Was it suicide? Was it murder, as Solgrub believes? But then, the door of the pavilion was locked from the inside…Had the narrator a hand in it? After all he had a motif: four years ago, he had an affair with Dina and was madly in love with her. While Dina and Felix suspect at least an indirect involvement of von Yosch in the death of Eugen Bischoff, Solgrub points at several similarly mysterious suicide cases in the recent past. While all four male characters start – sometimes individually, sometimes together – to investigate about what’s behind the mysterious death of Eugen Bischoff, it turns out that more shocking events are going to happen. The key to resolving the mystery seems to be an old manuscript from the 16th century that tells the tale of an Italian painter, known as the Master of the Day of Judgment, a tale that gives an uncanny explanation to the mysterious events unfolding in the Vienna of the year 1909.  

It would spoil the fun to read this book if I would give away more details here regarding the plot.

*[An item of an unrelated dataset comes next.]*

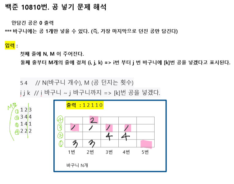 /* 백준.10810번. 공 넣기

I enjoyed this book tremendously, for several reasons.

Perutz writes a very elegant prose, and this together with his ability to depict situations, people and the few unexpected twists and turns in the story made me devour this book in one sitting. I found it unputdownable (I like this English word!). Perutz knew the milieu about which he was writing very well, and I had the impression that he had a fine ear also for social differences and how they affect the way how people speak in the book – the use of dialect of a taxi driver; the switching to the familiar ‘Du’, but adding the for non-Austrians funny ‘Herr Rittmeister’ by a former army officer unknown to von Yosch when he is talking to the narrator, based on the simple fact that they served in the same military unit; the servile approach of the people working in the pharmacy; the extremely polite way of speech of the Sephardic money-lender; these are just some of the pleasures of this book.

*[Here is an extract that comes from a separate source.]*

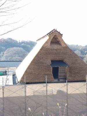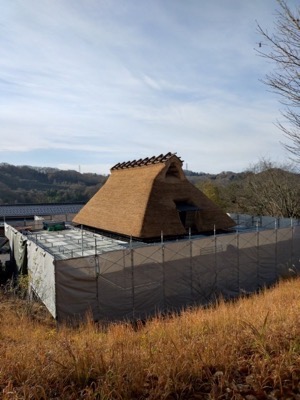 園長さんから白山展望場と法師山の眺望改善に伐採を実施したと聞き、ワクワクして法師山を目指す事に決定! 先ずは今週末に足場撤収予定で、漆喰補修中のふるさと館の茅葺き屋根(材料は富士山麓と阿蘇山麓のススキ)を眺めて出発します。

Another thing that I liked: it is difficult to say to what genre this somehow hybrid book belongs, and I think this is one of its strengths – it so unlike most of other genre books you will read. It borrows elements of the mystery genre; it is also a variation of the locked door mystery; there are elements of horror that let me think of E.T.A. Hoffmann, Edgar Allan Poe, or even Stephen King. And it has also elements of a historical novel. Additionally, the narrator is a character with more facets as meet the eye in the beginning. Below the surface of the cultured, book and music loving man with a rich emotional life, is also someone who is strictly following the military code of honor, and to him the killing of a man in a duel for a rather trifling matter is not a big deal, a fact about which even his friends have no illusion.

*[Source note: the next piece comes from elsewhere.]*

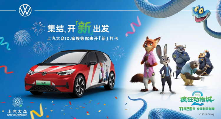 影视IP联动这块,上汽大众和《疯狂动物城2》的合作,堪称教科书级别。这次合作主要围绕ID.3 GTX车型展开,没有生硬地贴logo,而是把车型巧妙植入到电影里,线下还搞了主题展车巡展,从广州车展到机场、4S店,走到哪火到哪。线上还拍了定制短片,再搭配电影票抽奖、送限量周边的活动,一套组合拳下来,把IP流量稳稳转化成了品牌好感度。

And one more thing: the novel is also to be read in the tradition of the literary sub-genre “The Perpetrator as Investigator” that is quite popular in German literature: the main character is investigating a crime that he himself has (possibly) committed – Heinrich von Kleist’s Broken Jug, Heinrich Spoerl’s The Muzzle, or Heimito von Doderer’s Every Man a Murderer come to mind.

The last chapter, the remarks of the person who found von Yosch’s manuscript, give the text again a new possible interpretation. The story can be read as a mystery or fantasy novel; but the biggest mystery, as the novel advances is hidden in the souls of the characters of this book, and their obsessions with the horrors they faced in a certain moment of their lives, and with the feelings of guilt they experienced in traumatic situations. To quote a word by Edgar Allan Poe: “I maintain that terror is not of Germany (or in this case: Austria – T.H.), but of the soul.”

I read the book in German, therefore I can’t say anything regarding the quality of the translation.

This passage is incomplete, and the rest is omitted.